And no, Australia is not a utopia but its a bloody great place. Much better than any other place in the world and I lived in several countries, including continental EU and UK. Non of them, in my opinion, come even close to this place.

I didn't expect employers greeting me at the airport with job offers, and I didn't expect people greeting me with red carpet. Was realistic and wasn't disappointed.

This is not an immigration advice


----------



## Dexter

Editor, you may want to clearly state that "temporary employment" or "migration for profit" does not work in Australia. The costs of visa, ticket and other are so high that EU and US are a lot more attractive than AU. 

I agree with Boboa - the start is tough here but as you progress it becomes better than any other country - mainly due to stable economy and relaxed work environment. Sometimes the amount of leniency at work may get even a bit annoying.


----------



## Ephestion

Maybe there should be a thread for why you shouldn't migrate to Australia?

1. Highest income tax rates in the Western world (exagerated but still very high)
2. Land costs a fortune compared to the median wage of $48000 - 400K and over for a house.
3. You can't get on a plane for 90 euros and be in Paris, Rome, Berlin etc infact going from one city to another can cost as high as $500
4. There is a monotonic culture in every city, town and village. Which is depressing for cosmopolitan people.
5. You have to work 20 to 30 years to payoff a home loan 
6. You will be working everday like a robot, you may see a kangaroo in teh first three years, after that it will be traffic lights and rat race.
7. If you lose yourself on the roads and end up in an Aboriginal Reserve, you will most likely be murdered which is why white people don't live/go there.
8. If your from Britain or Germanic you will love how much beer you can afford
but If your from Southern Europe you will hate the fact there is not a single decent wine.
10. You will be called names no matter where you come from, Brits will be called Poms, Southern Europeans will be called Wogs, Asians and other will have their respective racial terms.
11. Food will cost so much you will be sharing a single avacado between 4 people.

I have no idea why the British owner of this web site wants to encourage more migration?


----------



## louiseb

Ephestion said:


> Maybe there should be a thread for why you shouldn't migrate to Australia?
> 
> 1. Highest income tax rates in the Western world (exagerated but still very high)
> 2. Land costs a fortune compared to the median wage of $48000 - 400K and over for a house.
> 3. You can't get on a plane for 90 euros and be in Paris, Rome, Berlin etc infact going from one city to another can cost as high as $500
> 4. There is a monotonic culture in every city, town and village.
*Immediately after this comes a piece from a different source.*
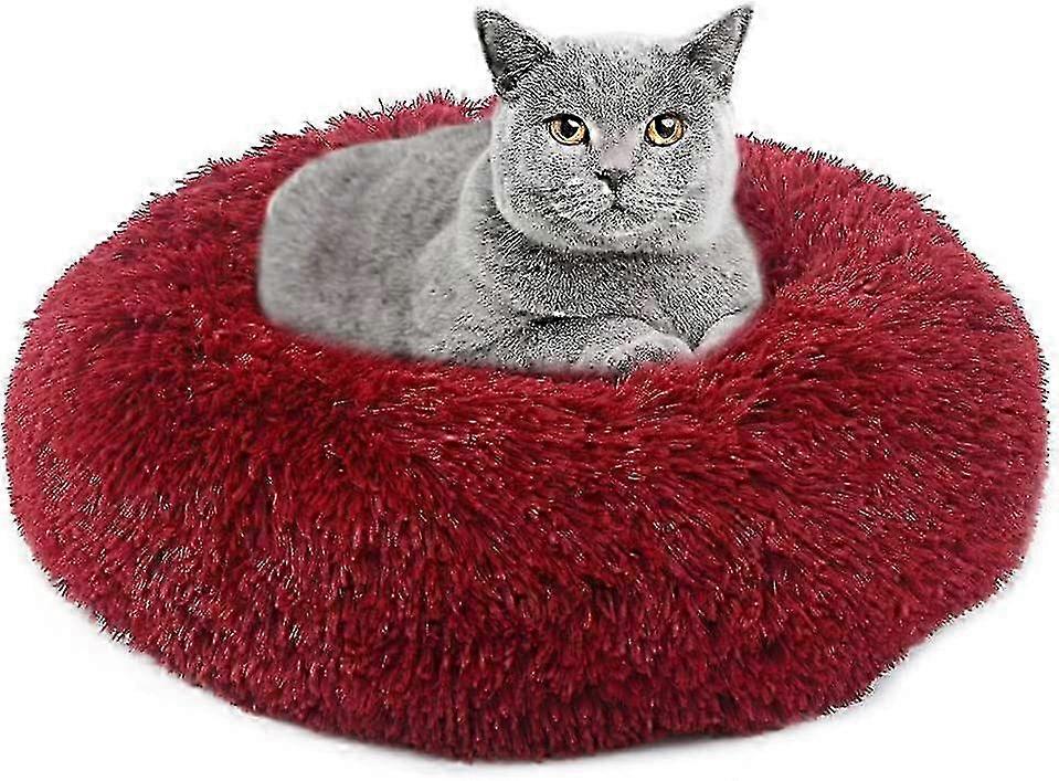 Round Anti-Slip Donut Cat Bed for Indoor Cats, 40 CM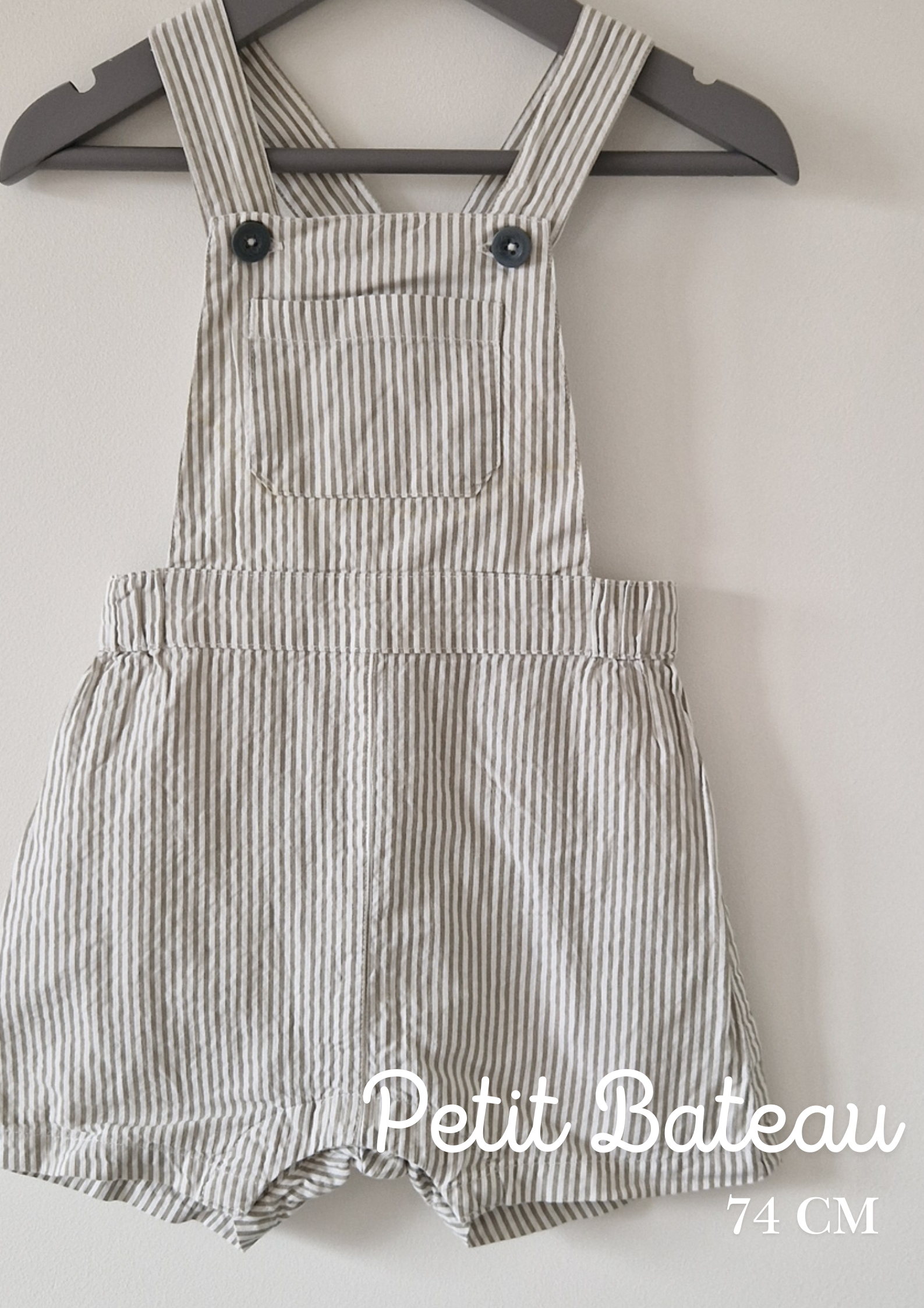 Salopette courte Petit Bateau. 📏 Taille étiquette : 12 mois - 74 cm. 🌈 Motif, couleur : Rayé taupe/blanc. 🧬 Matière : Pas d'étiquette. 🔓 Ouverture :... En savoir plus

Which is depressing for cosmopolitan people.
> 5. You have to work 20 to 30 years to payoff a home loan
> 6. You will be working everday like a robot, you may see a kangaroo in teh first three years, after that it will be traffic lights and rat race.
> 7. If you lose yourself on the roads and end up in an Aboriginal Reserve, you will most likely be murdered which is why white people don't live/go there.
> 8. If your from Britain or Germanic you will love how much beer you can afford
> but If your from Southern Europe you will hate the fact there is not a single decent wine.
> 10. You will be called names no matter where you come from, Brits will be called Poms, Southern Europeans will be called Wogs, Asians and other will have their respective racial terms.
> 11. Food will cost so much you will be sharing a single avacado between 4 people.
> 
> I have no idea why the British owner of this web site wants to encourage more migration?


Ok so your first comment maybe you should start a thread and see what happens, could be interesting.
*No.1* tax is very high here but at least they charge you the more you earn, in Malta we had a standard tax which was 15% whether you were poor or rich so there is an advantage out here that the more you earn the more you pay, just a little unfortunate for those who dont earn a huge wage, yes it is high.
*No.2* The house prices really depend on where you buy i have a huge 4 bedroomed house with games room, sunken lounge kitchen and sitting area, believe me my house is huge far too big for 2 people, but getting back to the point its not worth that much compared to some areas, i do agree though that houses are expensive here when you think people are paying millions of dollars just to have a sea view apartment or small plot.
*No.3*** This is true when i think back in Malta i could jump on a flight to Uk, france, berlin, and italy for anything between 16 euros to 60 euros, the flights alone from Australia to Malta are nearly 2,500 dollars. Ok there is the fuel ect but i knew this when i came here that flying home wasnt really an option i could take 3-4 times a year not like when i was back in Malta flying around europe.
*No.8 and 10 couldnt find 9* Yes the foreigners will always be slagged off here but just think what the English say about the Australians and the reputation they have its tic for tat i usually buy a cheap bottle of wine and have a drink, yes good bottles of wine are available but you certainly pay the price for it. 
*No.11*** Now on this food pricing i have always said that food is far more expensive here in Australia but hey thats life here especially compared to the wages here if your lucky to be working.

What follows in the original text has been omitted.